GSG
気がついたらそこは病院だった。
「大丈夫…?」
優しそうなお医者さんが話しかけてくれた。
「…」
声が出ない。私はベッドの近くのテーブルにあった紙とペンを勝手に使って、こう書いた。
<大丈夫です。ありがとうございます!…でも先生、声がでない…>
診断の結果、ストレスとショックによる、"失声症"であることが判明した。
今だに治っていない私は破ってしまった約束とひかりの姿を思い出す度に自ら自傷行為をしてしまうようになり、手首に包帯を巻いたまま再び病院ベッドで暮らすようになった。

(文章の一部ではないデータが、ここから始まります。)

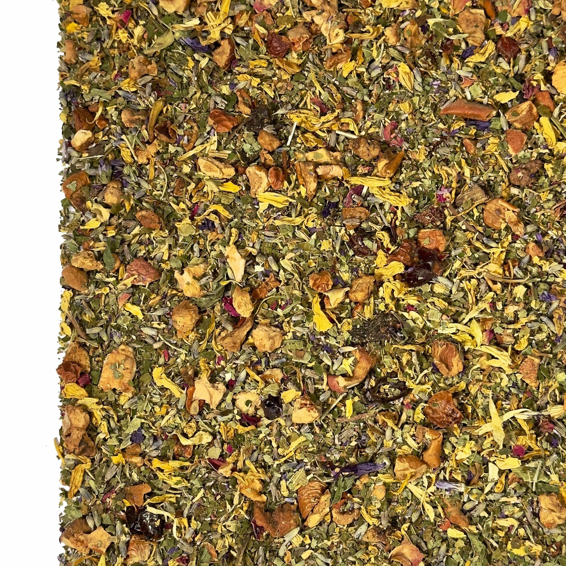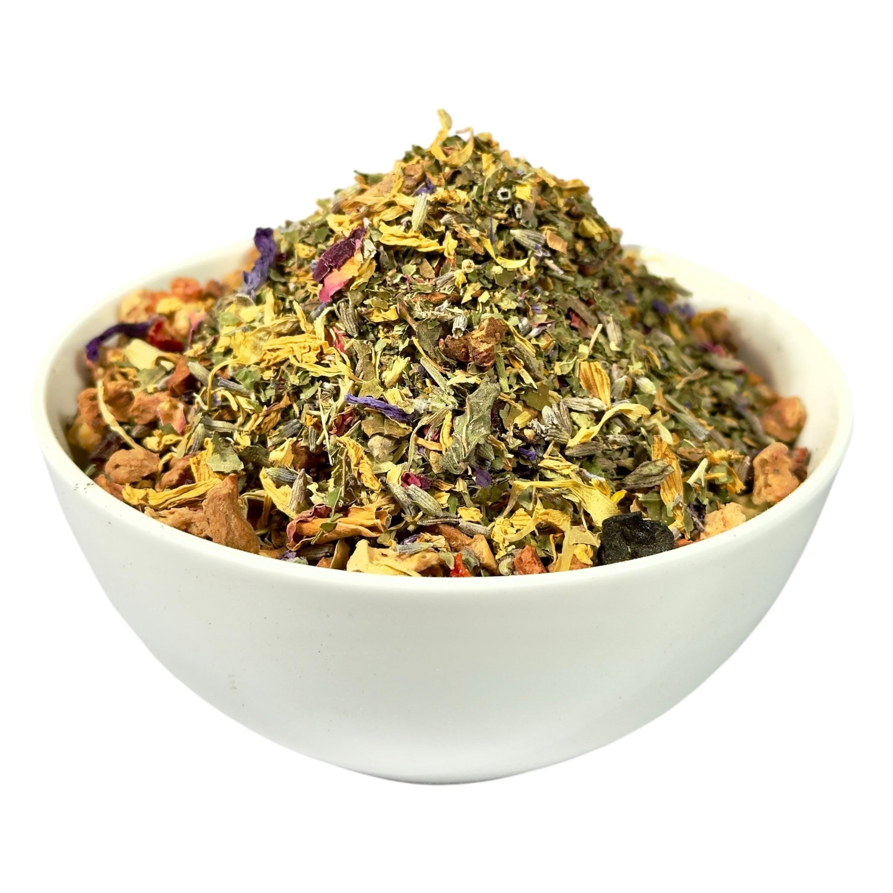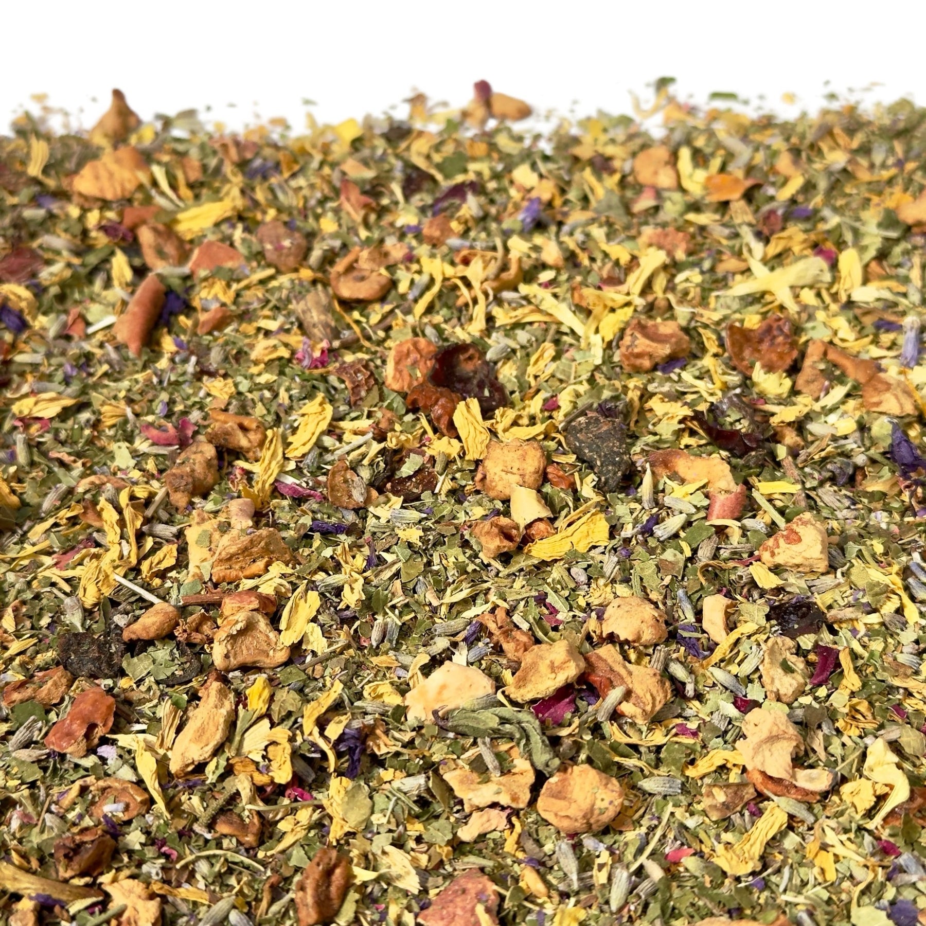 Zutaten: Apfelstücke, Haselnussblätter, Lavendelblüten, Sonnenblumenblüten, Hagebuttenschalen, Rosenblütenblätter, Malvenblüten, Ringelblumenblüten, Pfefferminze

ひかりの死因は自殺による大量出血とされた。転んでしまったあの場所の血痕も綺麗になくなっているという…。私は、どうしても納得がいかなかった。
<ひかりは自殺なんてしようと思うような子じゃないよ…。いつもみんなからちやほやされて人気者で…。そんなひかりが…自殺…自殺…。真実を知らせなくていいの?!自殺なんかじゃないよ!!幽霊のせいなのに…どうして…>
涙ぐむ私は、そんな独り言を書いた紙をぐしゃぐしゃにしてごみ箱に投げ入れた。
あ…これ、そういえばひかりのピンク色のシャーペンと同じだ…。ひかり1番のお気に入りで、いつも使ってたっけな。